This article is part of the supplement: Proceedings from the Great Lakes Bioinformatics Conference 2011

Open Access Proceedings

THINK Back: KNowledge-based Interpretation of High Throughput data

Fernando Farfán1*, Jun Ma2, Maureen A Sartor3, George Michailidis14 and Hosagrahar V Jagadish13

Author Affiliations

1 Computer Science and Engineering Department, University of Michigan, Ann Arbor, MI, USA

2 Department of Molecular and Human Genetics, Baylor College of Medicine, Houston, TX, USA

3 Center for Computational Medicine and Bioinformatics, University of Michigan, Ann Arbor, MI, USA

4 Department of Statistics, University of Michigan, Ann Arbor, MI, USA

For all author emails, please log on.

BMC Bioinformatics 2012, 13(Suppl 2):S4  doi:10.1186/1471-2105-13-S2-S4

Published: 13 March 2012

Abstract

Results of high throughput experiments can be challenging to interpret. Current approaches have relied on bulk processing the set of expression levels, in conjunction with easily obtained external evidence, such as co-occurrence. While such techniques can be used to reason probabilistically, they are not designed to shed light on what any individual gene, or a network of genes acting together, may be doing. Our belief is that today we have the information extraction ability and the computational power to perform more sophisticated analyses that consider the individual situation of each gene. The use of such techniques should lead to qualitatively superior results.

The specific aim of this project is to develop computational techniques to generate a small number of biologically meaningful hypotheses based on observed results from high throughput microarray experiments, gene sequences, and next-generation sequences. Through the use of relevant known biomedical knowledge, as represented in published literature and public databases, we can generate meaningful hypotheses that will aide biologists to interpret their experimental data.
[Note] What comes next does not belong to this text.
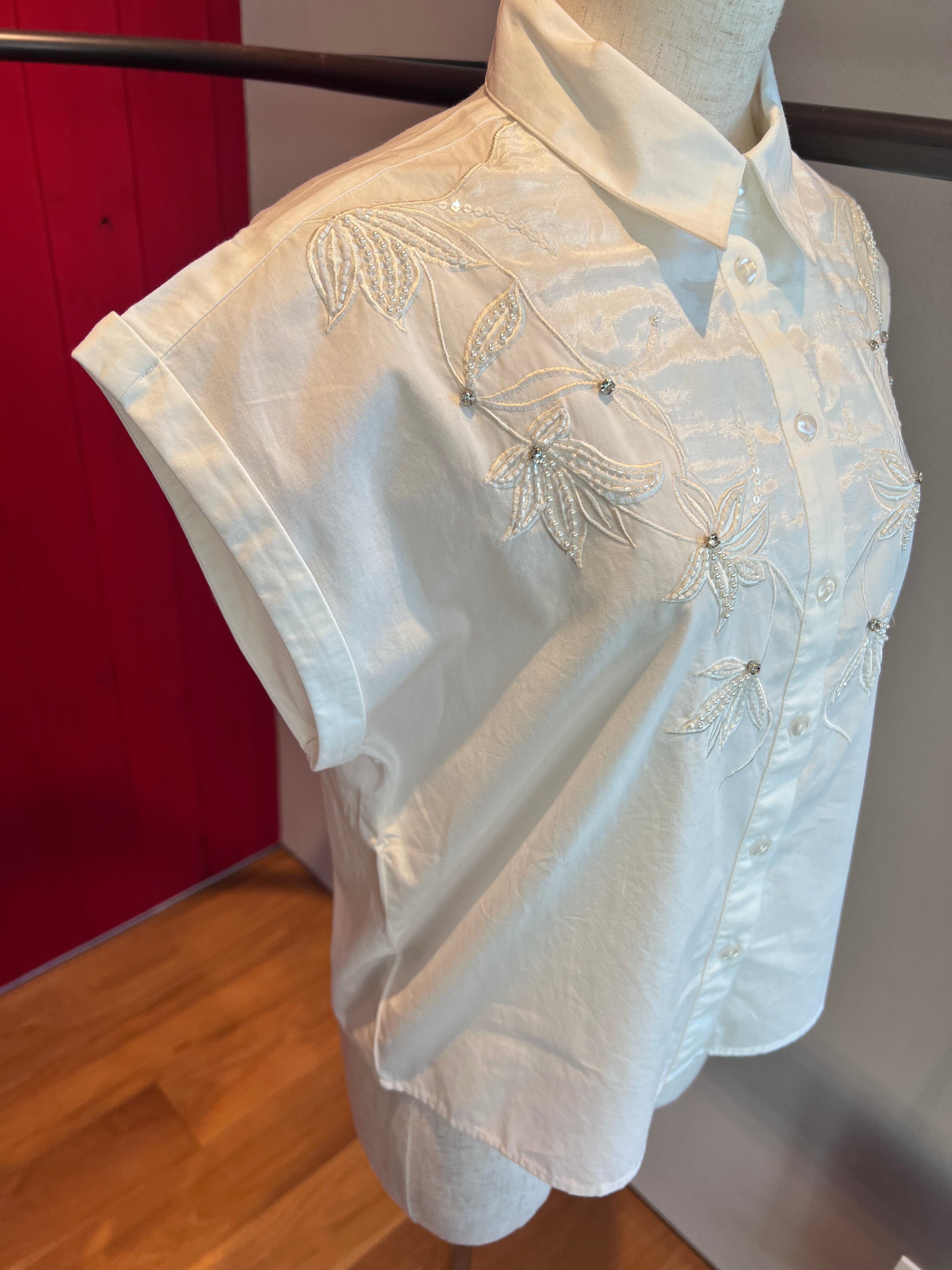 ビジュー刺繍ポイントフレンチシャツ

We are currently developing novel approaches that exploit the rich information encapsulated in biological pathway graphs. Our methods perform a thorough and rigorous analysis of biological pathways, using complex factors such as the topology of the pathway graph and the frequency in which genes appear on different pathways, to provide more meaningful hypotheses to describe the biological phenomena captured by high throughput experiments, when compared to other existing methods that only consider partial information captured by biological pathways.